Wed Mar 21 10:57:18 EDT 2012

On 03/21/2012 02:53 PM, Dejan Muhamedagic wrote:
> On Tue, Mar 20, 2012 at 06:22:34PM +0100, Andreas Kurz wrote:
>> On 03/20/2012 04:14 PM, Mathias Nestler wrote:
>>> Hi Dejan,
>>>
>>> On 20.03.2012, at 15:25, Dejan Muhamedagic wrote:
>>>
>>>> Hi,
>>>>
>>>> On Tue, Mar 20, 2012 at 08:52:39AM +0100, Mathias Nestler wrote:
>>>>> On 19.03.2012, at 20:26, Florian Haas wrote:
>>>>>
>>>>>> On Mon, Mar 19, 2012 at 8:14 PM, Mathias Nestler
>>>>>> <mathias.nestler at barzahlen.de <mailto:mathias.nestler at barzahlen.de>>
>>>>>> wrote:
>>>>>>> Hi everyone,
>>>>>>>
>>>>>>> I am trying to setup an active/passive (2 nodes) Linux-HA cluster
>>>>>>> with corosync and pacemaker to hold a PostgreSQL-Database up and
>>>>>>> running. It works via DRBD and a service-ip. If node1 fails, node2
>>>>>>> should take over. The same if PG runs on node2 and it fails.
>>>>>>> Everything works fine except the STONITH thing.
>>>>>>>
>>>>>>> Between the nodes is an dedicated HA-connection (10.10.10.X), so I
>>>>>>> have the following interface configuration:
>>>>>>>
>>>>>>> eth0                        eth1                   host
>>>>>>> 10.10.10.251    172.10.10.1     node1
>>>>>>> 10.10.10.252    172.10.10.2     node2
>>>>>>>
>>>>>>> Stonith is enabled and I am testing with a ssh-agent to kill nodes.
>>>>>>>
>>>>>>> crm configure property stonith-enabled=true
>>>>>>> crm configure property stonith-action=poweroff
>>>>>>> crm configure rsc_defaults resource-stickiness=100
>>>>>>> crm configure property no-quorum-policy=ignore
>>>>>>>
>>>>>>> crm configure primitive stonith_postgres stonith:external/ssh \
>>>>>>>              params hostlist="node1 node2"
>>>>>>> crm configure clone fencing_postgres stonith_postgres
>>>>>>
>>>>>> You're missing location constraints, and doing this with 2 primitives
>>>>>> rather than 1 clone is usually cleaner.
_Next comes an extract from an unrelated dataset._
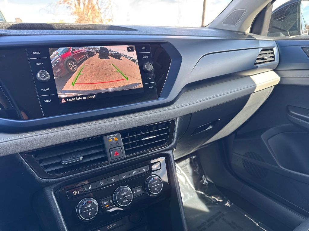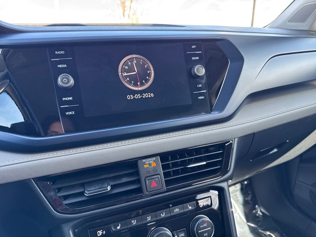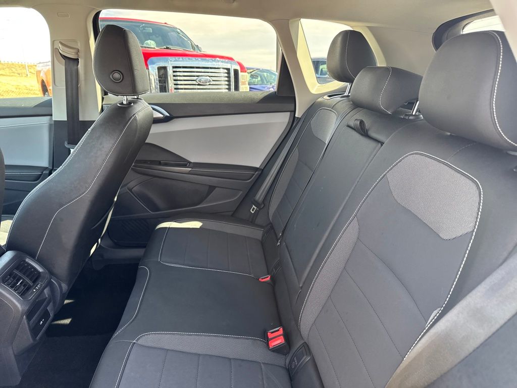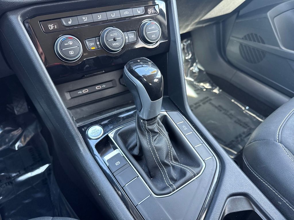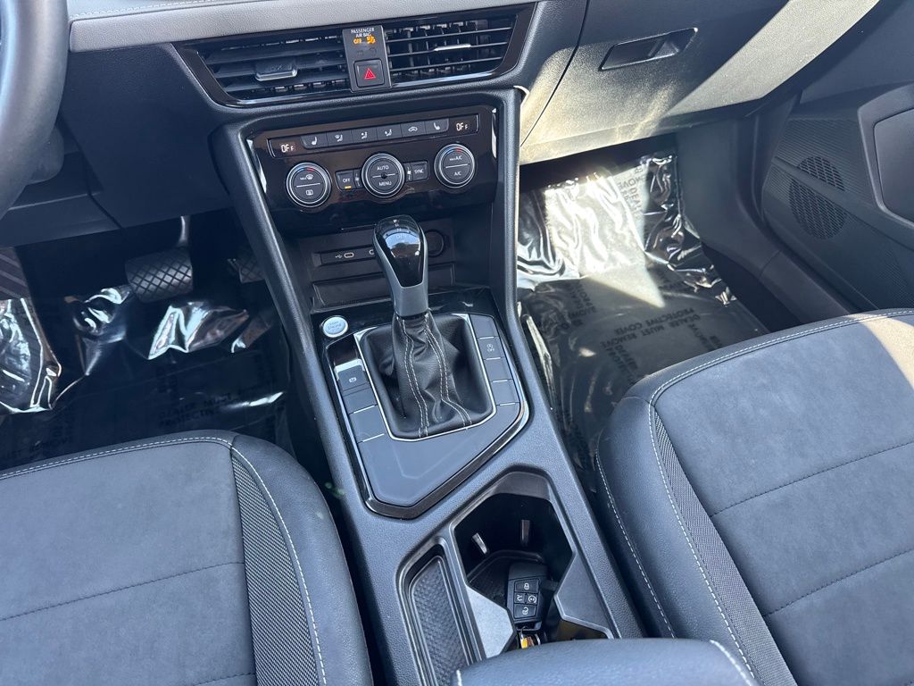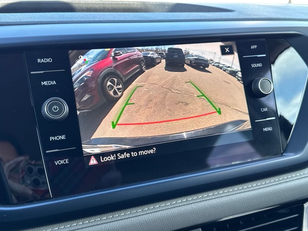 3.23 Axle Ratio, 4-Wheel Disc Brakes, 6 Speakers, ABS brakes, Active Blind Spot Monitor, Air Conditioning, Alloy wheels, AM/FM radio: SiriusXM with 360L, Auto High-beam Headlights, Automatic temperature control, Brake assist, Bumpers: body-color, CloudTex & Cloth Seating Surfaces, Compass, Delay-off headlights, Driver door bin, Driver vanity mirror, Dual front impact airbags, Dual front side impact airbags, Electronic Stability Control, Emergency communication system: VW Car-Net Safe & Secure 5-year, Exterior Parking Camera Rear, Front anti-roll bar, Front Bucket Seats, Front Center Armrest, Front dual zone A/C, Front reading lights, Front Strut Rear Torsion Beam Suspension, Front wheel independent suspension, Fully automatic headlights, Heated door mirrors, Heated Front Bucket Seats, Heated front seats, Heated steering wheel, Illuminated entry, Leather Shift Knob, Low tire pressure warning, Occupant sensing airbag, Outside temperature display, Overhead airbag, Overhead console, Panic alarm, Passenger door bin, Passenger vanity mirror, Power door mirrors, Power driver seat, Power steering, Power windows, Radio data system, Radio: MIB3 Composition Media AM/FM/HD, Rain sensing wipers, Rear anti-roll bar, Rear seat center armrest, Rear window defroster, Rear window wiper, Remote keyless entry, Roof rack: rails only, Security system, Speed control, Speed-sensing steering, Split folding rear seat, Spoiler, Steering wheel mounted audio controls, Tachometer, Telescoping steering wheel, Tilt steering wheel, Traction control, Trip computer, Variably intermittent wipers, and Wheels: 18" 2-Tone Machined Alloy.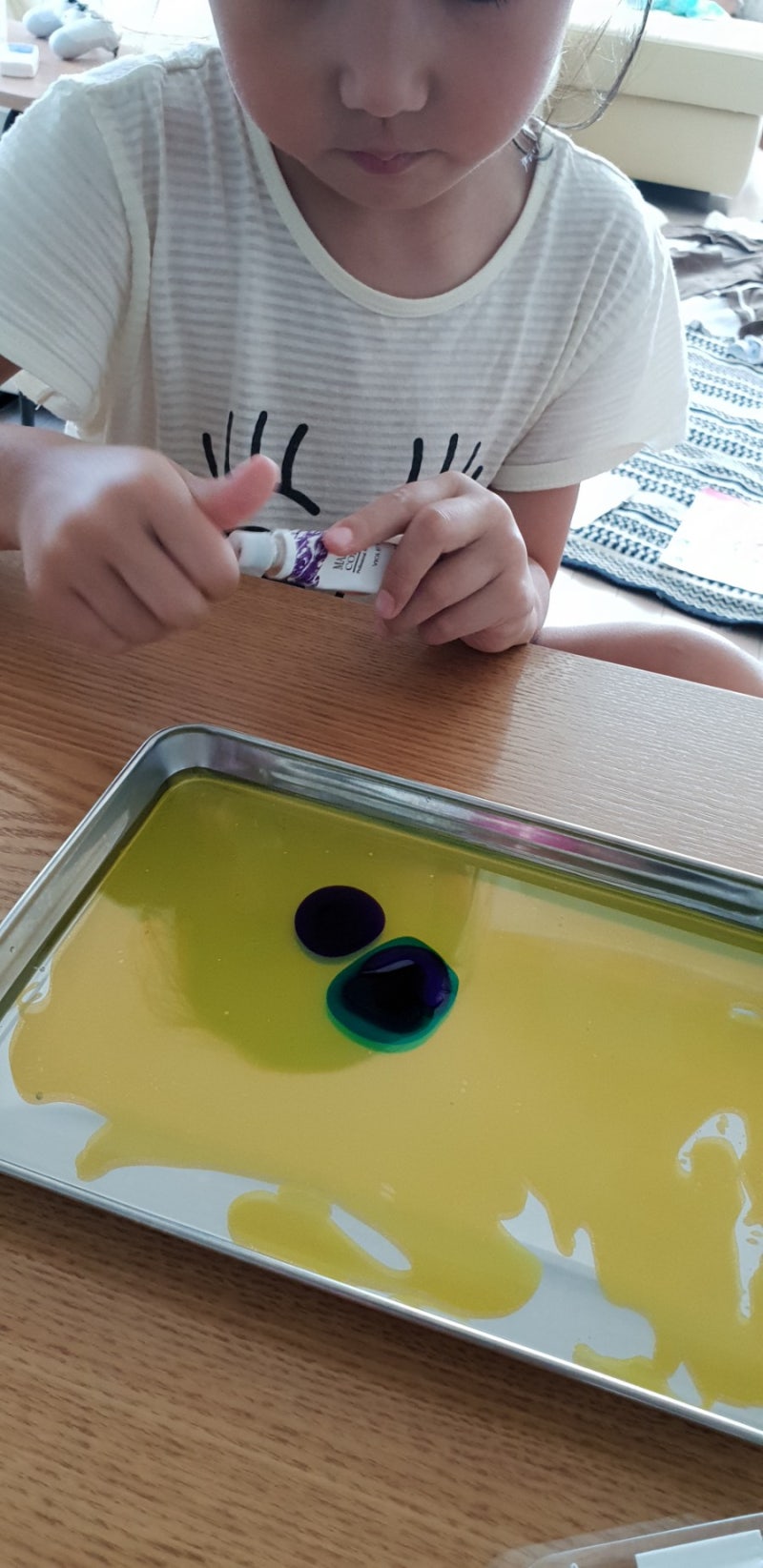이건… 무려 한 달 전쯤 w여름방학이 시작된 지 얼마 안 된 날에 내가 그래도 에너지(여름방학을 알차게 보내야 해!) 뿡뿡이가 있었을 때라 가능했던 놀이라는 걸 미리 적어본다.이소에서 마블링 물감 2세트(2천원씩 4천원)를 사서 바닥에 김장비닐 2개를 연결하고 용기는 분리수거하는 곳에서 적당한 것을 골라 가져왔다.애들은 묻어도 되는 걸 입히면 준비 끝!소지품 : 다이소인 마블링 물감, 도화지, 바닥에 깔린 비닐, 물티슈, 나무젓가락, 더러워져도 되는 옷매무새

The example below is for
>>>>>> external/libvirt rather than external/ssh, but you ought to be able to
>>>>>> apply the concept anyhow:
>>>>>>
>>>>>> http://www.hastexo.com/resources/hints-and-kinks/fencing-virtual-cluster-nodes
>>>>>>
>>>>>
>>>>> As is understood the cluster decides which node has to be stonith'ed.
>>>>> Besides this, I already tried the following configuration:
>>>>>
>>>>> crm configure primitive stonith1_postgres stonith:ssh \
>>>>> params hostlist="node1"
>>>>> op monitor interval="25" timeout="10"
>>>>> crm configure primitive stonith2_postgres stonith:ssh \
>>>>> params hostlist="node2"
>>>>> op monitor interval="25" timeout="10"
>>>>> crm configure location stonith1_not_on_node1 stonith1_postgres \
>>>>> -inf: node1
>>>>> crm configure location stonith2_not_on_node2 stonith2_postgres \
>>>>> -inf: node2
>>>>>
>>>>> The result is the same :/
>>>>
>>>> Neither ssh nor external/ssh are supported fencing options. Both
>>>> include a sleep before reboot which makes the window in which
>>>> it's possible for both nodes to fence each other larger than it
>>>> is usually the case with production quality stonith plugins.
>>>
>>> I use this ssh-stonith only for testing. At the moment I am creating the
>>> cluster in a virtual environment. Besides this, what is the difference
>>> between ssh and external/ssh?
>>
>> the first one is a binary implementation, the second one is a simple
>> shell script ... that's it ;-)
>>
>>> My problem is, that each node tries to kill the other. But I only want
>>> to kill the node with the postgres resource on it if connection between
>>> nodes breaks.
>>
>> That is the expected behavior if you introduce a split-brain in a two
>> node cluster. Each node builds its own cluster partition and tries to
>> stonith the other "dead" node.
>>
>> If you are using a virtualization environment managed by libvirt you can
>> follow the link Florian posted. If you are running on some VMware or
>> Virtualbox testing environment using sbd for fencing might be a good
>> option ... as shared storage can be provided easily.
>>
>> Then you could also do a weak colocation of the one sbd stonith agent
>> instance with your postgres instance and in combination with the correct
>> start-timeout you can get the behavior you want.
> 
> /me wonders why is it that the node running postgres is a better
> candidate to be fenced. Collocating a stonith resource with
> whatever other resource doesn't make much sense.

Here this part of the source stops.